Below are records; give the number of their lines that hold the word "dracénoise", and write nothing more.
(RECORDS SHOWN Opens)
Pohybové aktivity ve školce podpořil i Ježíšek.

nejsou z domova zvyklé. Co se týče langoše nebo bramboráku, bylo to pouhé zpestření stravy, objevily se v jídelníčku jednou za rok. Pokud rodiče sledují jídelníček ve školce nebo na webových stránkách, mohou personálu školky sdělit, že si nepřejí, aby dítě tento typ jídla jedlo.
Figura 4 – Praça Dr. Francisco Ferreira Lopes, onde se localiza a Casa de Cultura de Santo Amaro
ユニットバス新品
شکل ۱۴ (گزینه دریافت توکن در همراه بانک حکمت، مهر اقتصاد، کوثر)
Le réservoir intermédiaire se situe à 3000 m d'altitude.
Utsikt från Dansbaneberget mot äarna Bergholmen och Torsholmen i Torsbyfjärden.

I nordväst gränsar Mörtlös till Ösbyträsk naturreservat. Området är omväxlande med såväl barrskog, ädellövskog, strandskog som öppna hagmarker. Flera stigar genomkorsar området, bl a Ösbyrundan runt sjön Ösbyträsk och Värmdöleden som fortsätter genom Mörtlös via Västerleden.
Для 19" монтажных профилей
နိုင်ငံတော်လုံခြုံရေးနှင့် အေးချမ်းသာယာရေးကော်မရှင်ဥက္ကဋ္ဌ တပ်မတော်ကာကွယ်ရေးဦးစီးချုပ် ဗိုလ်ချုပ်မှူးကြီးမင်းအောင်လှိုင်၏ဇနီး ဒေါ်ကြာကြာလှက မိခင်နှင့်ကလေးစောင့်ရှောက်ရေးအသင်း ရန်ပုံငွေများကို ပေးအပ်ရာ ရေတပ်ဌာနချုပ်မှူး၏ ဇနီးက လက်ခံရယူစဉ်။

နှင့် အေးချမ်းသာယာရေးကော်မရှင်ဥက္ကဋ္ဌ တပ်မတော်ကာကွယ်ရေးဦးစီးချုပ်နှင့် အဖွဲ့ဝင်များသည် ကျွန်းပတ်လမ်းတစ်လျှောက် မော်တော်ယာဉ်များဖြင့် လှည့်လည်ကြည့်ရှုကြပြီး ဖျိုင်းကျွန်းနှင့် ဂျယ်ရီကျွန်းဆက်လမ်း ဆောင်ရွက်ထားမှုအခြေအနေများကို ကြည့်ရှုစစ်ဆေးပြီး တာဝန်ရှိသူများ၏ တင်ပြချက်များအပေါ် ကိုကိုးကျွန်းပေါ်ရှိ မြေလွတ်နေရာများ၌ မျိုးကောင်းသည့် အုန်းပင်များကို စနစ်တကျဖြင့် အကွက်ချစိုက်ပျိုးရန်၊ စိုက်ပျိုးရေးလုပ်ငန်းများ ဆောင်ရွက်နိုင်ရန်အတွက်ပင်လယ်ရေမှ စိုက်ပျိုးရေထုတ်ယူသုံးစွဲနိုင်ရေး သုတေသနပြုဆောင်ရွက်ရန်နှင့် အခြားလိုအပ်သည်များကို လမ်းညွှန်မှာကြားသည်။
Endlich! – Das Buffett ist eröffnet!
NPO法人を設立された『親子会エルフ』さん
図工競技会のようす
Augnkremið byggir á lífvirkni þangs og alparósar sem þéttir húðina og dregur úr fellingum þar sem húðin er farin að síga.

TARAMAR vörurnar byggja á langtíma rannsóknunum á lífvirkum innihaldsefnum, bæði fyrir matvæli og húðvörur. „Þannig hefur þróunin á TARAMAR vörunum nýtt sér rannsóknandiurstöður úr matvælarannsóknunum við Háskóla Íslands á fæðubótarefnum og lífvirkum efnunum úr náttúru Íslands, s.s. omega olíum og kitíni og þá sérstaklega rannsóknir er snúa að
(RECORDS SHOWN Closes)
(RECORDS SHOWN Opens)
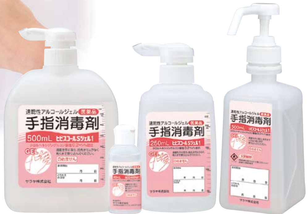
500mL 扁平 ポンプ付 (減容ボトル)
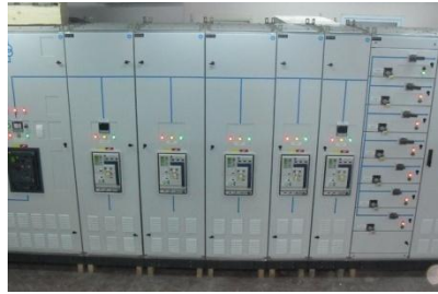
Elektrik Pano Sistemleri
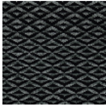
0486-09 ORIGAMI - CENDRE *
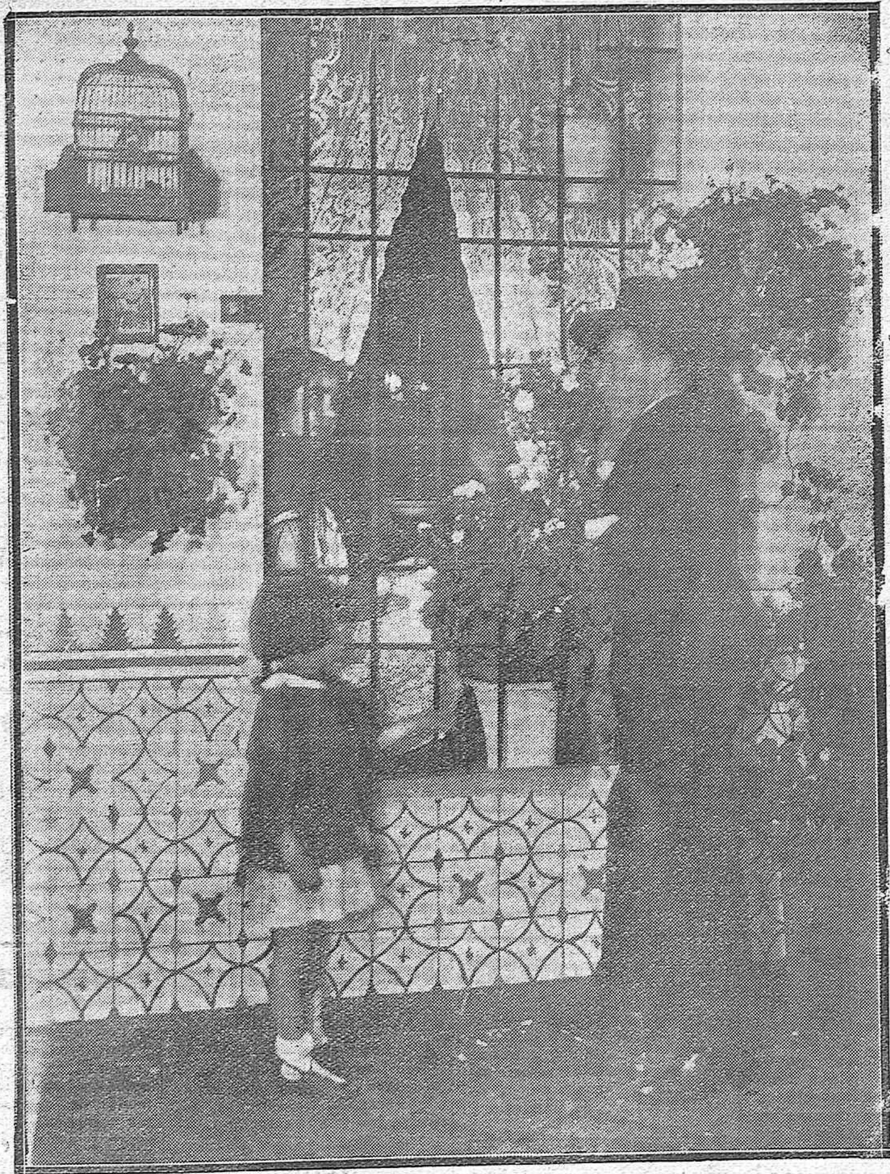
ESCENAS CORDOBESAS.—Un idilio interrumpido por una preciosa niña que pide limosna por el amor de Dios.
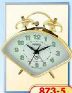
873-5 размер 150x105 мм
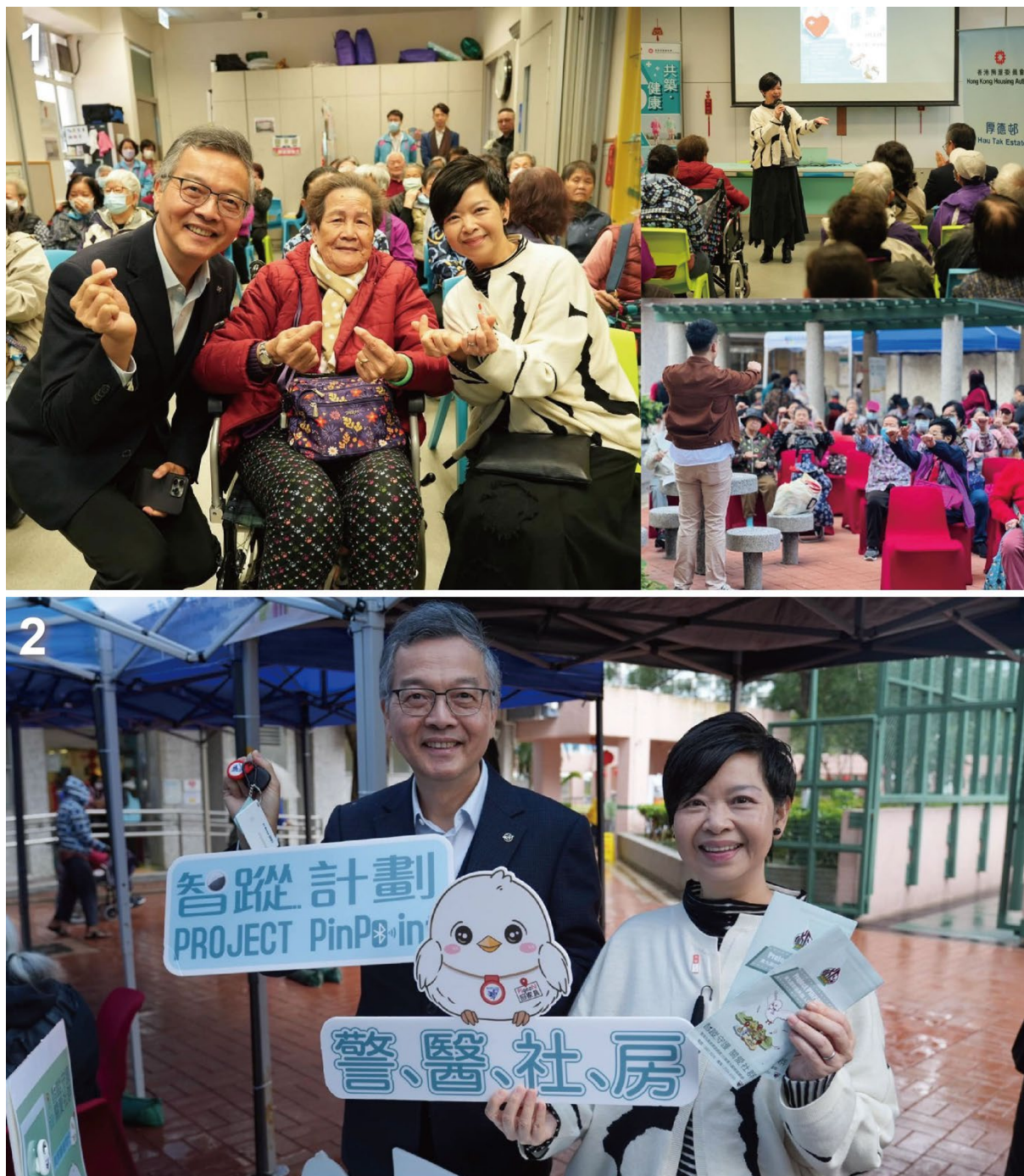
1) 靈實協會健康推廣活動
(RECORDS SHOWN Closes)
(RECORDS SHOWN Opens)
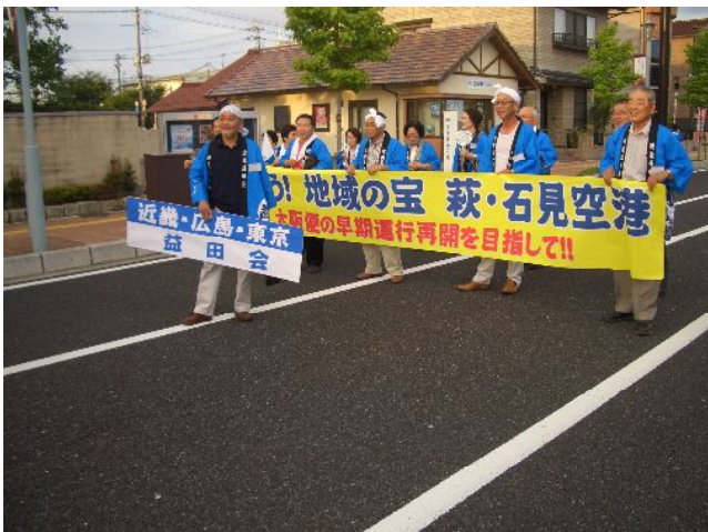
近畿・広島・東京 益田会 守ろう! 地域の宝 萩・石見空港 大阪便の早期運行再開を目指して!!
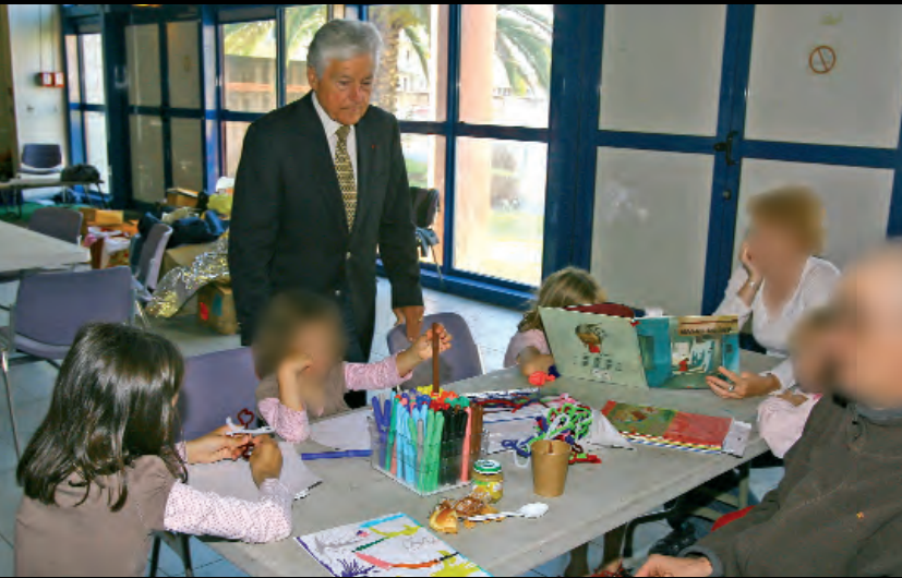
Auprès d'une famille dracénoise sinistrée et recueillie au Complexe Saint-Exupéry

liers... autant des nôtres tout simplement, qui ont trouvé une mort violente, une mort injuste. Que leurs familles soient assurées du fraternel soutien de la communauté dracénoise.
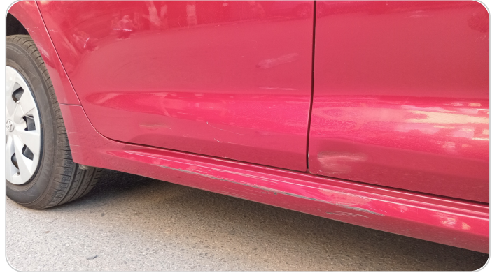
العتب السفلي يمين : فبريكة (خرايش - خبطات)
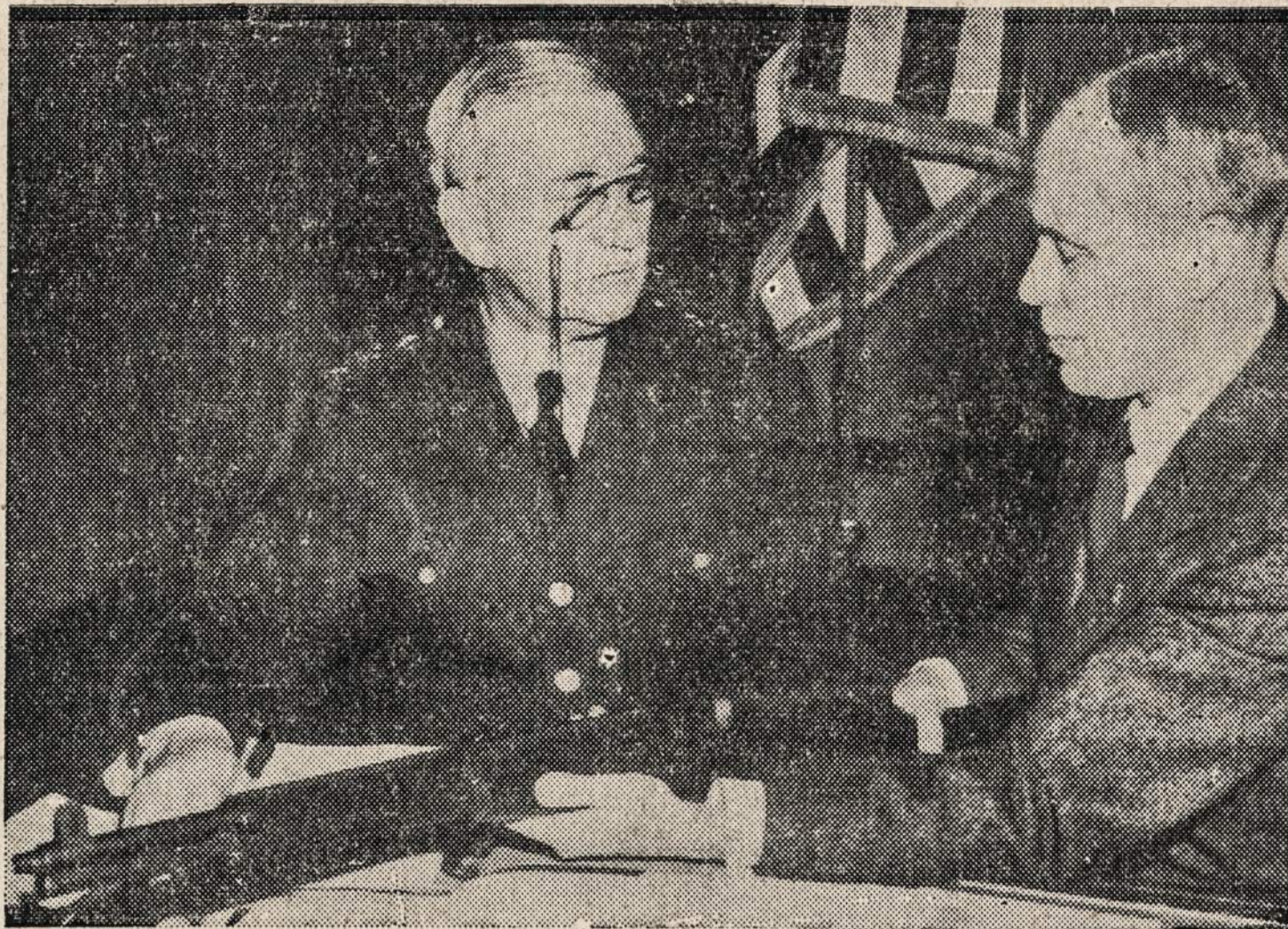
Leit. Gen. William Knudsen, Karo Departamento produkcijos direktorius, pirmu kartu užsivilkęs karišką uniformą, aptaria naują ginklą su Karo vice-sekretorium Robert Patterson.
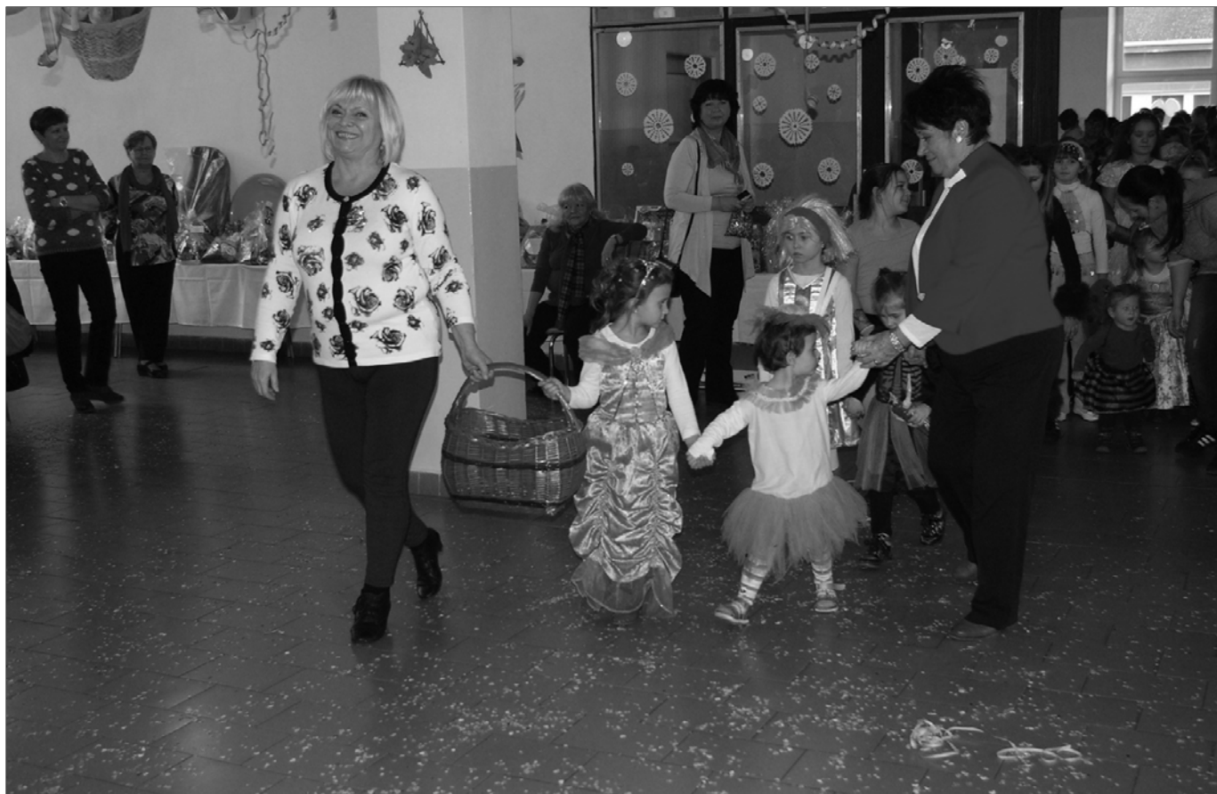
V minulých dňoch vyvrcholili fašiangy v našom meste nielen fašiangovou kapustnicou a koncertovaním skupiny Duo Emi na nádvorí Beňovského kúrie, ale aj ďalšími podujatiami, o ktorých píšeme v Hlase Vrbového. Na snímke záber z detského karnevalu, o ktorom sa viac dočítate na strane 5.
(RECORDS SHOWN Closes)
▶ **OUTPUT BELOW**
2